80th Anniversary of Reichsprotektor Heydrich’s Rule Over Bohemia and Moravia
Exactly 80 years ago, on 28 September 1941, Reinhard Heydrich came to Prague on Hitler’s orders to take up the position of Reichsprotektor. He was 37 years old.
At a gathering of Nazi officials several days before his arrival in Prague, he clearly expressed how he wanted to handle the population of the Protectorate of Bohemia and Moravia.
A “final solution” awaited Jews, Roma and others in the death camps, while the Slavs were to be either murdered or Germanized and moved as far east as possible.

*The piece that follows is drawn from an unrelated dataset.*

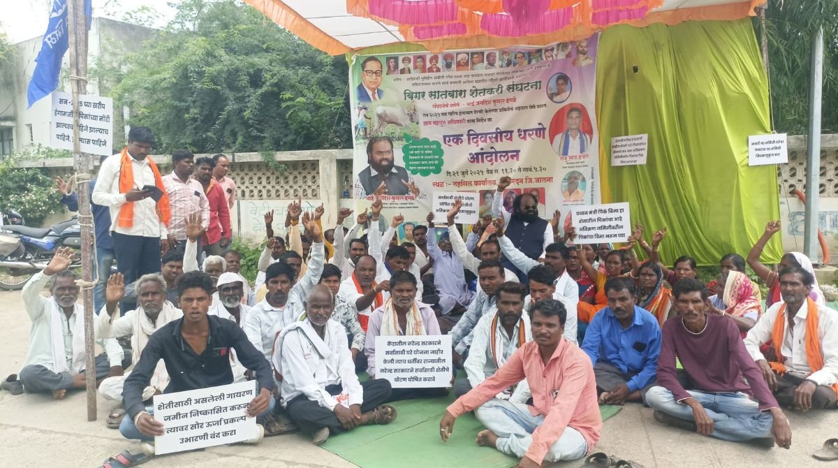 तभा फ्लॅश न्यूज/ भोकरदन : ग्राम महसूल अधिकाऱ्यांमार्फत खरीप हंगामाचा प्रतिवेदनात्मक अहवाल सादर करण्याचे निर्देश द्या आशा मागणी साठी बिगर सातबारा शेतकरी संघटनेच्या नेतृत्वा खाली कास्तकरानी भोकरदन तहसील कार्यालय समोर एक दिवसीय धरणे आंदोलन करण्यात आले.

“The Bohemian-Moravian area must never be left in such a state that the Czechs might be able to claim it as theirs… This space must be German once and for all so the Czech will have no claim to it in the end,” Heydrich said in that speech.

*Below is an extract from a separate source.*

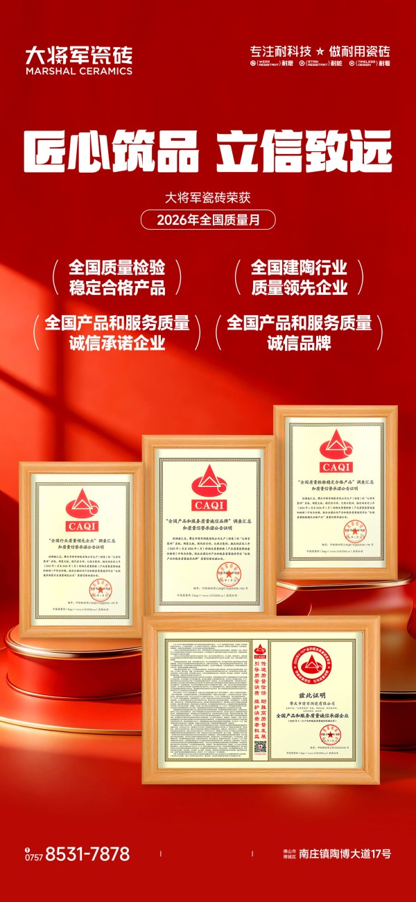 载誉前行!大将军瓷砖荣膺2026全国质量月四大奖项,再添品质新勋章

Reinhard Heydrich was one of the direct co-authors of the Holocaust – both of the idea of murdering homosexuals, Jewish people, mentally or physically disabled people, Romani people and others, as well as of the methods for pursuing genocide – death camps, Germanization, and racial/ethnic pogroms.
The tragic fate of the Czech and Moravian Jews and Roma began under his rule.
Heydrich left a bloody trail in Czech history: During the four months of the state of emergency he announced after becoming Reichsprotektor, 486 people were sentenced to death and more than 2 100 Czechs ended up in concentration camps.
Heydrich practically decimated the entire Czech resistance, which repaid him with assassination. As Professor Václav Černý has succinctly written: “Heydrich came to murder the Czech nation, and the Czech nation murdered him.”
Heydrich’s main aims were to increase the amount of weapons produced for the Nazis by these factories in the Protectorate and to prepare the Germanization – and later, the liquidation – of the Czech nation.
This involved calling for and firming up a collaborationist policy, in which he demanded not just mere consent, as Czechoslovak President Hácha had provided, but active participation, as modeled by Czechoslovak Army Colonel Emanuel Moravec.
The Czechoslovak government in exile in London decided to have Heydrich killed by specially trained airborne soldiers and the assassination took place on May 27, 1942.
He was the highest-ranking Nazi killed by the resistance. In retaliation for Heydrich’s death, the Germans exterminated the villages of Lidice and Ležáky; in October 1942, 262 people were murdered in Mauthausen for helping the paratroopers who carried out the assassination.